### [What you should do]
Exact reproduction of all the data is required, with pictures excluded.

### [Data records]
※ ※ ※

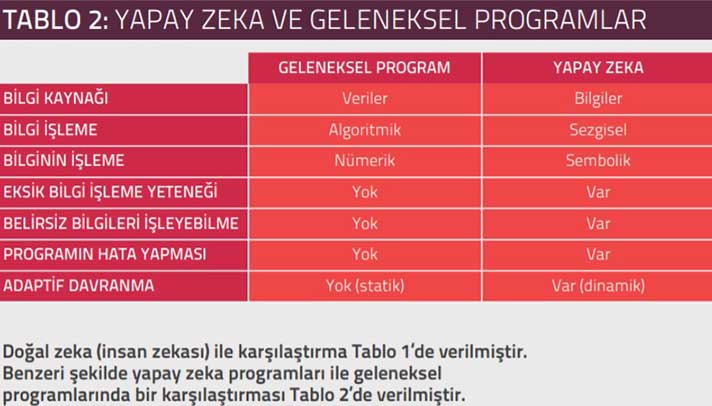 Doğal olarak bu davranışları sergileyebilmek için sadece Bilgisayar Bilimi teknikleri yeterli değildir. Aynı zamanda Matematik, Psikoloji, Biyoloji ve Felsefe bilimleri ile de ilgilidir. Doğal zeka (insan zekası) ile karşılaştırma Tablo 1’de verilmiştir. Benzeri şekilde yapay zeka programları ile geleneksel programlarında bir karşılaştırması Tablo 2’de verilmiştir.
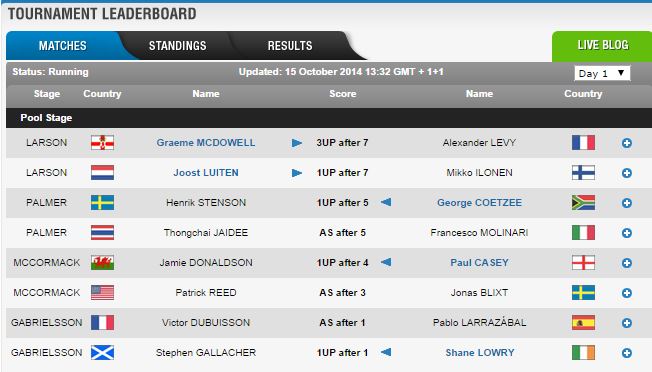 Good start from Luiten, immediatly to 1up because of an eagle. Scond hole both birdie. G-Mac - Levy still A/S.
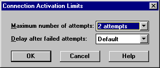 1. Set a value for the Maximum Number of attempts that SNA Server will make to establish the connection with the host system. The possible values range from 1 to Unlimited. We suggest a value of 2.
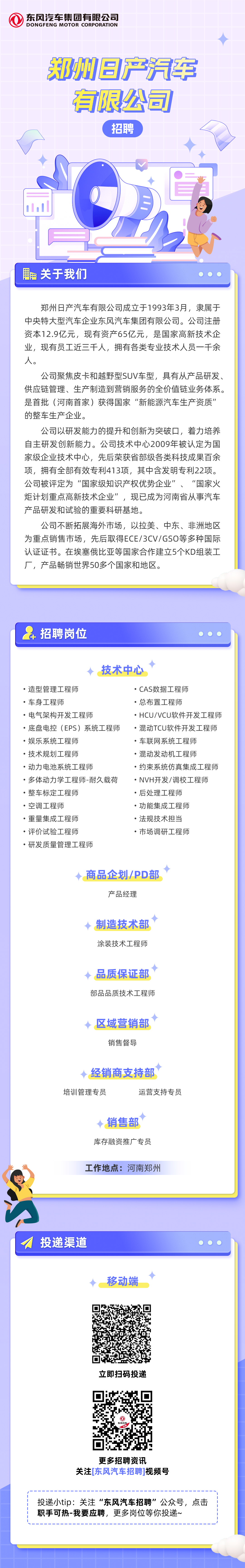 鄭州日產(chǎn)汽車有限公司招聘公告
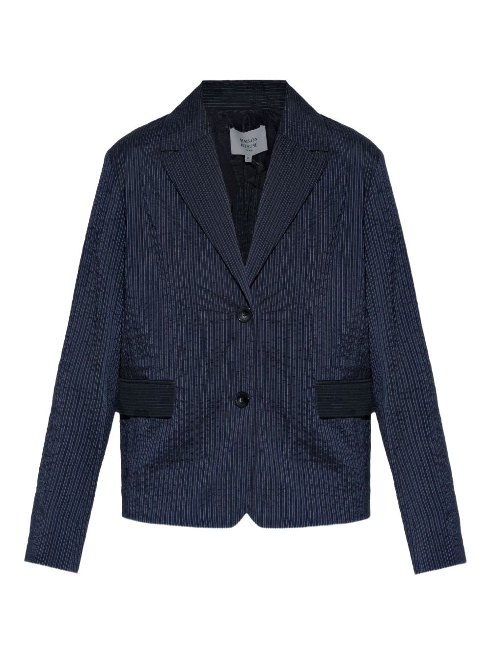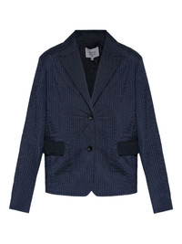 single-breasted jacket Highlights - Navy blue - Front button fastening - Front flap pockets - Stripe print - Buttoned cuffs Imported Composition Outer: Polyester 74%, Cotton 26% Lining: Viscose 51%, Cotton 49%

※ ※ ※

### [Solved problem]
 Doğal olarak bu davranışları sergileyebilmek için sadece Bilgisayar Bilimi teknikleri yeterli değildir. Aynı zamanda Matematik, Psikoloji, Biyoloji ve Felsefe bilimleri ile de ilgilidir. Doğal zeka (insan zekası) ile karşılaştırma Tablo 1’de verilmiştir. Benzeri şekilde yapay zeka programları ile geleneksel programlarında bir karşılaştırması Tablo 2’de verilmiştir.
 Good start from Luiten, immediatly to 1up because of an eagle. Scond hole both birdie. G-Mac - Levy still A/S.
 1. Set a value for the Maximum Number of attempts that SNA Server will make to establish the connection with the host system. The possible values range from 1 to Unlimited. We suggest a value of 2.
 鄭州日產(chǎn)汽車有限公司招聘公告
 single-breasted jacket Highlights - Navy blue - Front button fastening - Front flap pockets - Stripe print - Buttoned cuffs Imported Composition Outer: Polyester 74%, Cotton 26% Lining: Viscose 51%, Cotton 49%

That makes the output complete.